[Stored entries]
********************

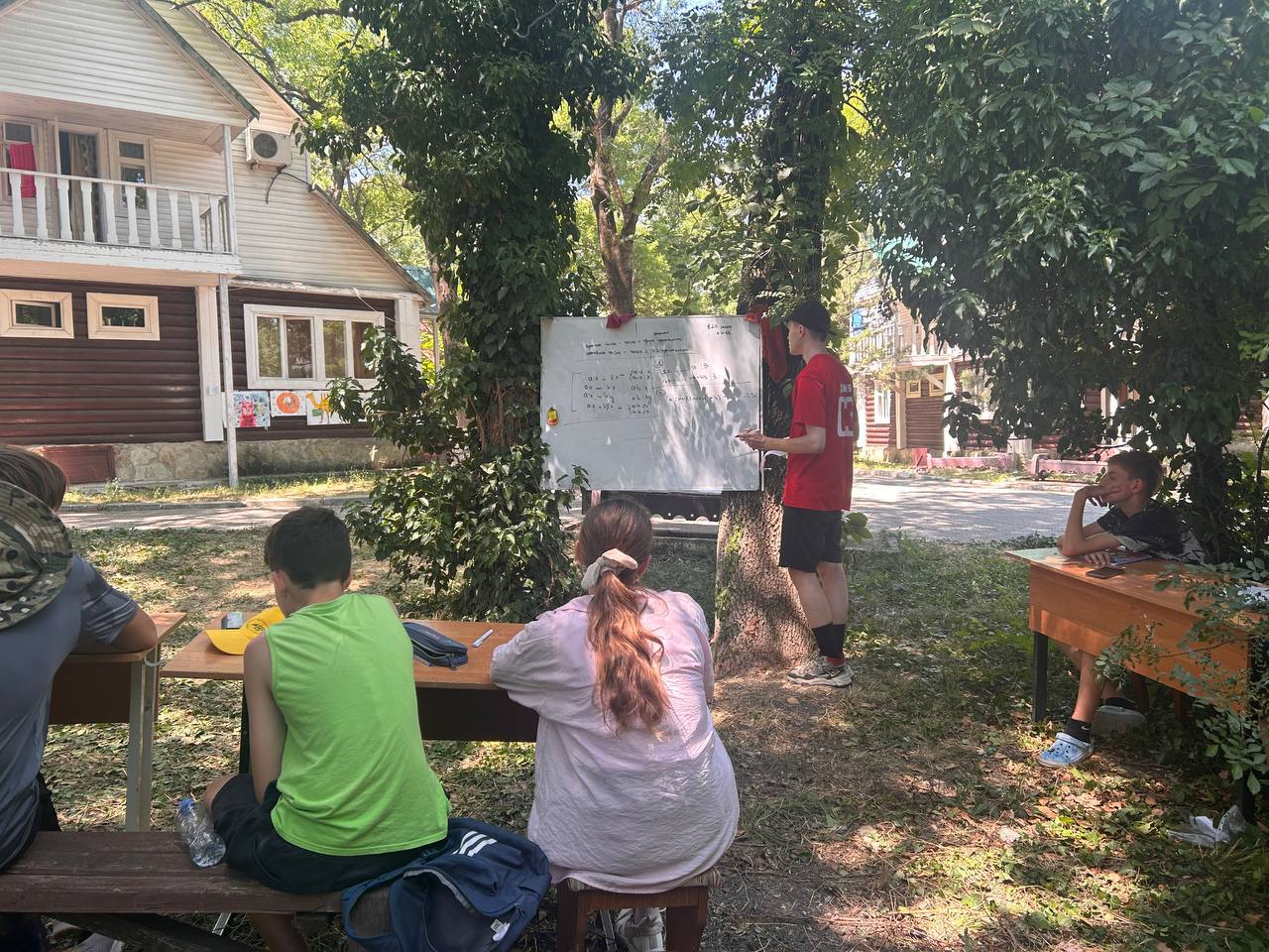 Ребята обливали друг друга из самодельных водяных пушек. Задача была облить бумажный, но хорошо спрятанный, домик соперников и защитить свой.
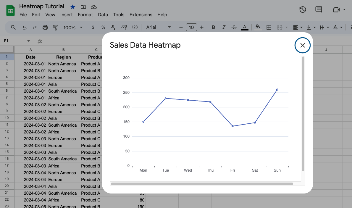 Click save, then select the createHeatmap function in the dropdown and run it. You should see a modal in the sheet with a basic line chart.
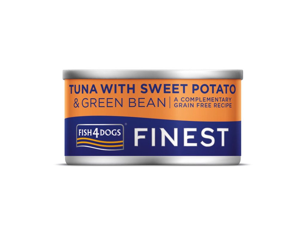 FISH4DOGS Konzerva pre psov Finest s tuniakom, sladkými zemiakmi a zelenými fazuľkami 85g
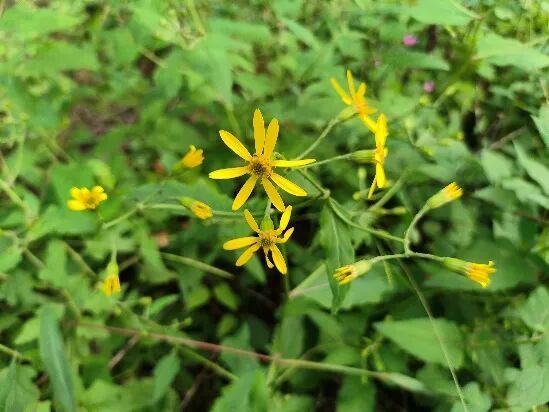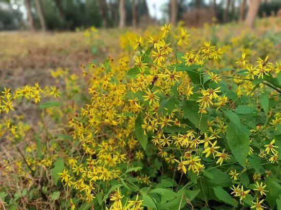 外观习性:多年生攀援草本,茎长2-5米,多分枝。叶卵状披针形或长三角形。头状花序舌状花,排成复聚伞圆锥花序,花黄色,花期10月至次年3月。
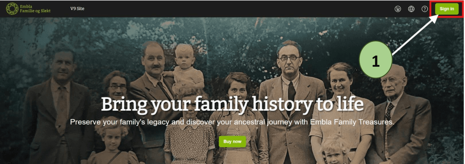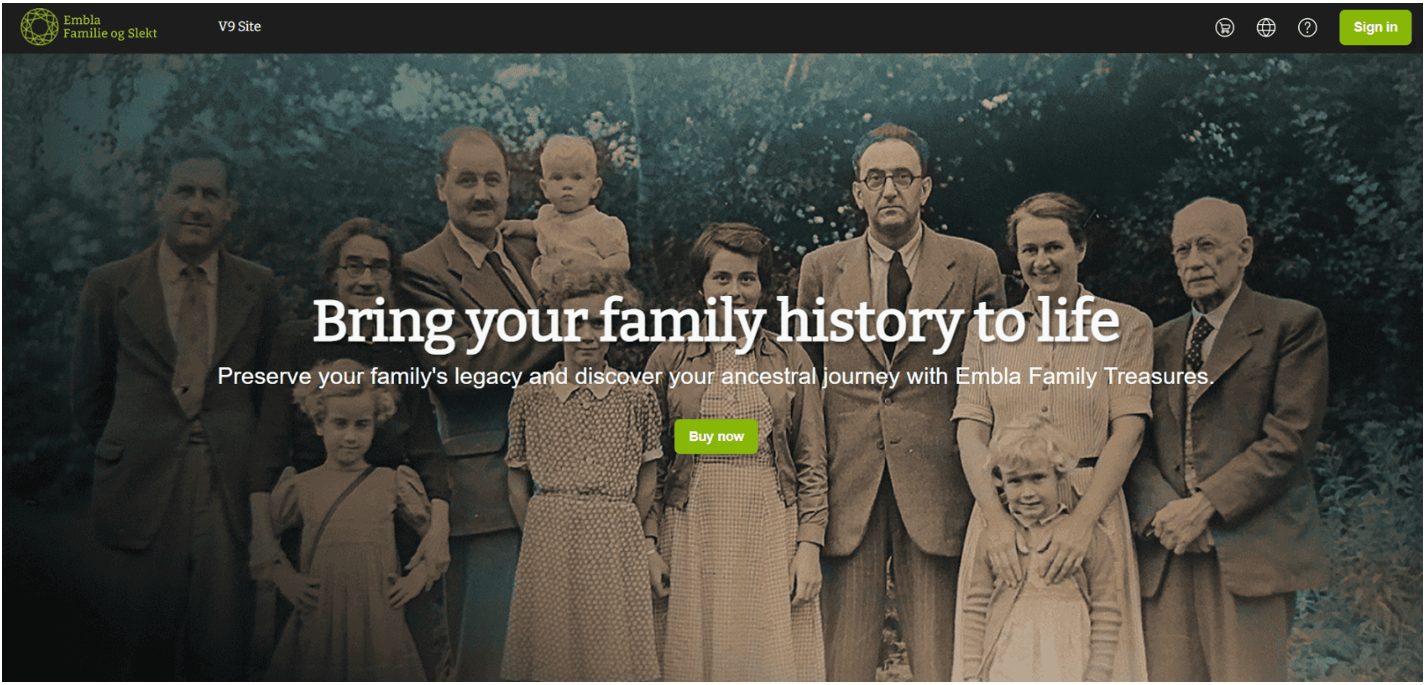 Go to the www.embla.no web Application. You will be redirected to the “Embla Norwegian Family History” web application.
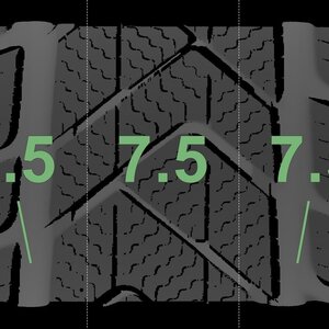 | Zustand | Profiltiefe | DOT | Hinterachse Links | Neu | 7,5 mm | 3922 |

********************

Work instructions
Above are records; write out the lines from the one with "Click save, then" down to the one with "FISH4DOGS Konzerva pre", exactly, leaving the pictures out.

Exercise result
 Click save, then select the createHeatmap function in the dropdown and run it. You should see a modal in the sheet with a basic line chart.
 FISH4DOGS Konzerva pre psov Finest s tuniakom, sladkými zemiakmi a zelenými fazuľkami 85g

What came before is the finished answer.